### [WHAT YOU SHOULD DO]
Copy exactly the lines of the material below that fall between the line with "The outdoor area" and the line with "交通集团作为国有企业,具备海", both of those lines included; pictures stay out.

### [PROVIDED DATA]
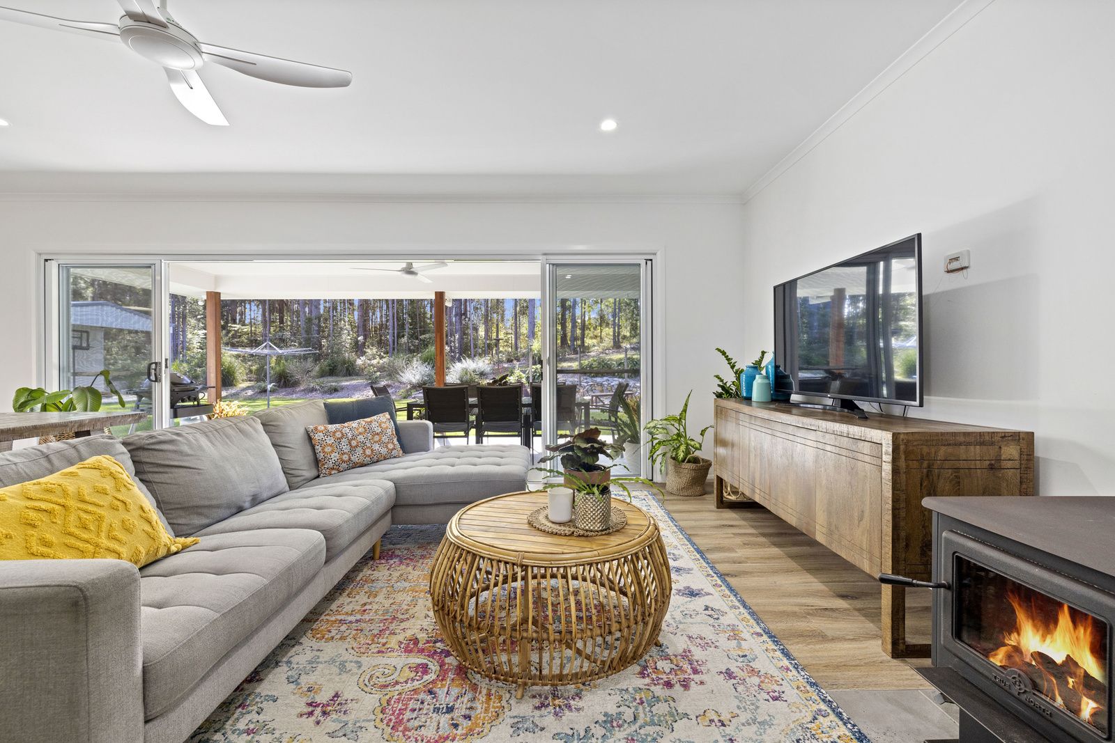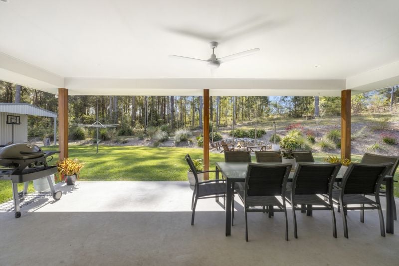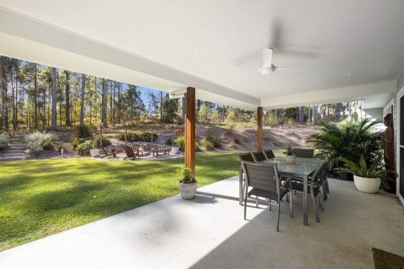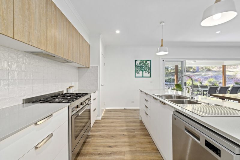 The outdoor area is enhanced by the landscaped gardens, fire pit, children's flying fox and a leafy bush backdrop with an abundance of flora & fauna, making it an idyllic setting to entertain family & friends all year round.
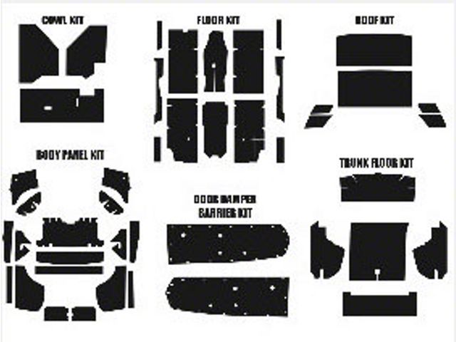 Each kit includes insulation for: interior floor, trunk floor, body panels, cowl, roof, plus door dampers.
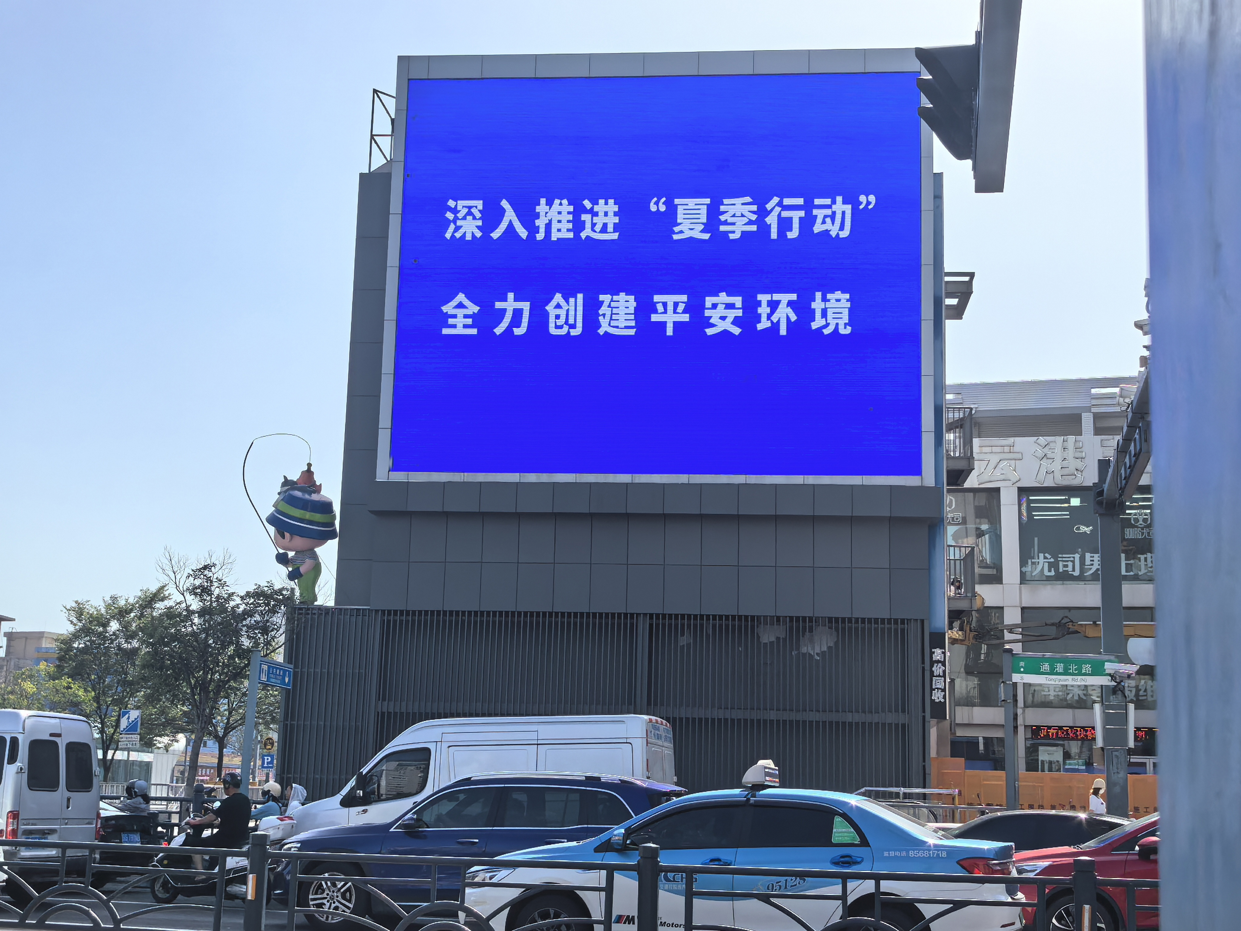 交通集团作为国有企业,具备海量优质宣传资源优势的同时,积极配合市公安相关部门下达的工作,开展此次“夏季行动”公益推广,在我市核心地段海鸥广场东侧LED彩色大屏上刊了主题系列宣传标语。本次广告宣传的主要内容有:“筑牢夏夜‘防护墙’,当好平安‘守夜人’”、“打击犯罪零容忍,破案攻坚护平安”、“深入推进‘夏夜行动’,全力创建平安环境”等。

--

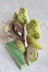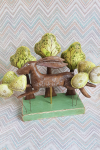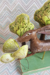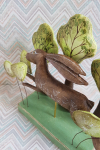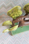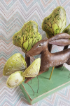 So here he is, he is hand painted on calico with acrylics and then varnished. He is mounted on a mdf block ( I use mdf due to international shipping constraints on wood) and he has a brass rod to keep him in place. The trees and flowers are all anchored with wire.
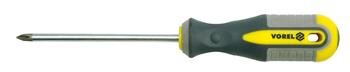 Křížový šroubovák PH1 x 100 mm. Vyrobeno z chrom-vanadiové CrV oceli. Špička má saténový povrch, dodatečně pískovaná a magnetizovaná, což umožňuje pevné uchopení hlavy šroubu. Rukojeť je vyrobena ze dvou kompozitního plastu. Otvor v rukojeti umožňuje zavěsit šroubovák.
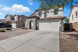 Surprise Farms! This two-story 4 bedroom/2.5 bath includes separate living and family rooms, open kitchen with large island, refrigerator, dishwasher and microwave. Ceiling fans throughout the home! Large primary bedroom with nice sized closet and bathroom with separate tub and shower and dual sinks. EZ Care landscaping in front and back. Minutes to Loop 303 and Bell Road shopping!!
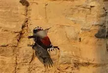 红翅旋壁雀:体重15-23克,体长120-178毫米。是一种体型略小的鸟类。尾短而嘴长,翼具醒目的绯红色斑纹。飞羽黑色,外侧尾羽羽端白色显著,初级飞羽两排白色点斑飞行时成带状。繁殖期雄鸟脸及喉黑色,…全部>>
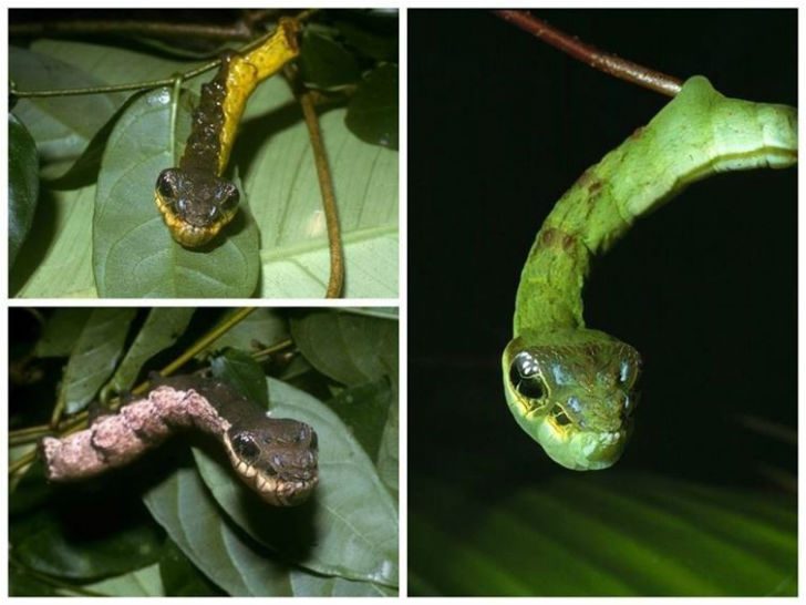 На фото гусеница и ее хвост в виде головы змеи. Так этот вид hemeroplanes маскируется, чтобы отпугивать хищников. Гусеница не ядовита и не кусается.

### [EXPECTED OUTPUT]
 The outdoor area is enhanced by the landscaped gardens, fire pit, children's flying fox and a leafy bush backdrop with an abundance of flora & fauna, making it an idyllic setting to entertain family & friends all year round.
 Each kit includes insulation for: interior floor, trunk floor, body panels, cowl, roof, plus door dampers.
 交通集团作为国有企业,具备海量优质宣传资源优势的同时,积极配合市公安相关部门下达的工作,开展此次“夏季行动”公益推广,在我市核心地段海鸥广场东侧LED彩色大屏上刊了主题系列宣传标语。本次广告宣传的主要内容有:“筑牢夏夜‘防护墙’,当好平安‘守夜人’”、“打击犯罪零容忍,破案攻坚护平安”、“深入推进‘夏夜行动’,全力创建平安环境”等。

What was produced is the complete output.